Trasformare i rifiuti in arte: non è più una novità assoluta, un po’ di esempi in giro ce ne sono e anche di ottima fattura. Ma se gli artisti sono dei detenuti e se a organizzare una mostra delle loro opere nate dal riciclo c’è anche un’organizzazione che si chiama molto appropriatamente Recuperiamoci, allora vale la pena di andare a dare una guardata. Per scoprire, per esempio, una giostra, un pesce e un settimino realizzati con rifiuti elettronici. Esposti nei giorni scorsi, assieme ad oltre 250 lavori, alla fiera di Rimini nel corso della quindicesima edizione di Ecomondo. Gli artisti sono alcuni degli ospiti delle case circondariali di Forlì e Bologna, inseriti nei laboratori RAEE in carcere (la sigla sta per: rifiuti di apparecchiature elettriche ed elettroniche) gestiti dalle cooperative sociali Gulliver e IT2, in collaborazione appunto con l’associazione Recuperiamoci. L’invito ufficiale viene dal Museo del Riciclo (www.museodelriciclo.it) del consorzio Ecolight specializzato nella gestione dei rifiuti da apparecchiature elettriche ed elettroniche, pile e accumulatori. Il cui presidente, Walter Camarda, spiega che si tratta di un’iniziativa importante sotto il profilo sociale e ambientale perché «attraverso il disassemblaggio dei rifiuti elettronici viene data una solida opportunità di lavoro alle persone in esecuzione penale». Insomma: l’arte che nasce dai rifiuti diventa occasione per una rieducazione, nel rispetto dell’ambiente e nel rispetto della legalità.

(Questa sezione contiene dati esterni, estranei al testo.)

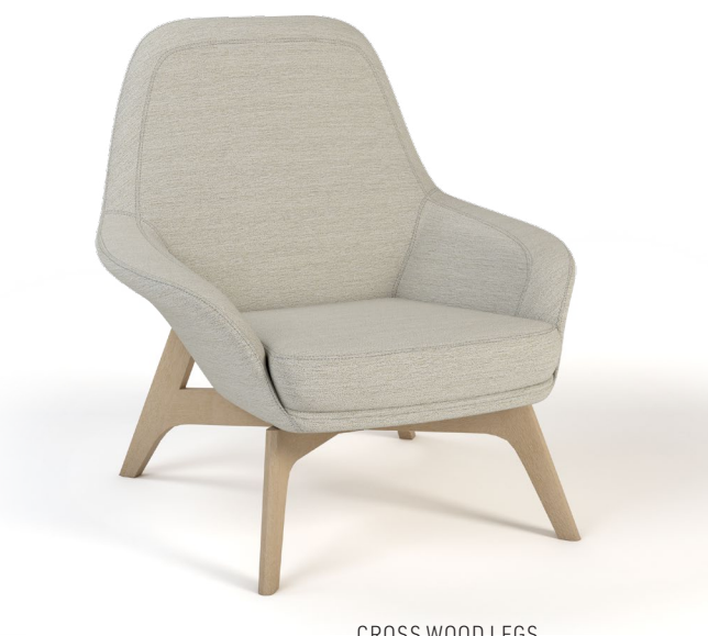
CROSS WOOD LEGS

Gli oggetti e i gadget elettronici sono ormai parte quotidiana e preponderante della vita di tutti. E quando non sono più appetibili perché superati da nuovi modelli si buttano, senza pensare che in questo modo si aggrava la situazione ambientale. «Diventa quindi necessario raccoglierli e riciclarli: non solamente per fornire importanti materie prime e seconde, ma anche per limitare la dispersione di sostanze inquinanti» spiega a sua volta il direttore generale di Ecolight, Giancarlo Dezio. Con il laboratorio RAEE in carcere, accanto a queste finalità, si aggiunge lo scopo sociale: permettere il reinserimento lavorativo delle persone in esecuzione penale. Mi è sembrata una buona cosa.
In questa settimana di passione, in cui il baratro in cui sta precipitando l’Italia mi sembra meno fosco per via della notizia che forse (il dubitativo nel nostro Paese è d’obbligo) avremo finalmente un nuovo governo “bunga-bunga free”, vorrei segnalare anche un’altra inziativa positiva: l’appuntamento annuale della Cooperativa Capodarco, che nella cittadina in provincia di Fermo (Marche) si occupa da tempo di disabili. Il loro convegno, al quale ogni volta mi impegno ad andare senza mai riuscirci, è di quelli che ricreano la mente e ridanno fiducia. Merce che serve proprio. Quest’anno, da venerdì 25 a domenica 27, il tema di discussione sarà particolarmente … azzeccato: Bulimie, dalle abbuffate virtuali alla sobrietà dell’informazione. A spiegare che «le molte moderne bulimie legate all’informazione intasano il cervello, provocano sazietà illusorie e sono difficili da curare» e «pongono un problema gravissimo ai giornalisti» ci saranno alcune delle voci più interessanti da ascoltare: da Ennio Remondino che parlerà in ricordo di Roberto Morrione, compianto e lungimirante ma inascoltato direttore di Rai International, a Goffredo Fofi, Massimo Raffaelli, Mario Dondero, Paolo Di Stefano, Angelo Ferracuti, Bianca Stancanelli,, Andrea Bajani, Federica Margaritora, Angelo Perrino, Pino Rea, Frieda Brioschi, Francesca Fanciullacci, Lorella Zanardo, Roberto Natale, Renato Soru, Enzo Jacopino, padre Vinicio Albanese, Marco Tarquinio. Gli americani direbbero: «Food for thought».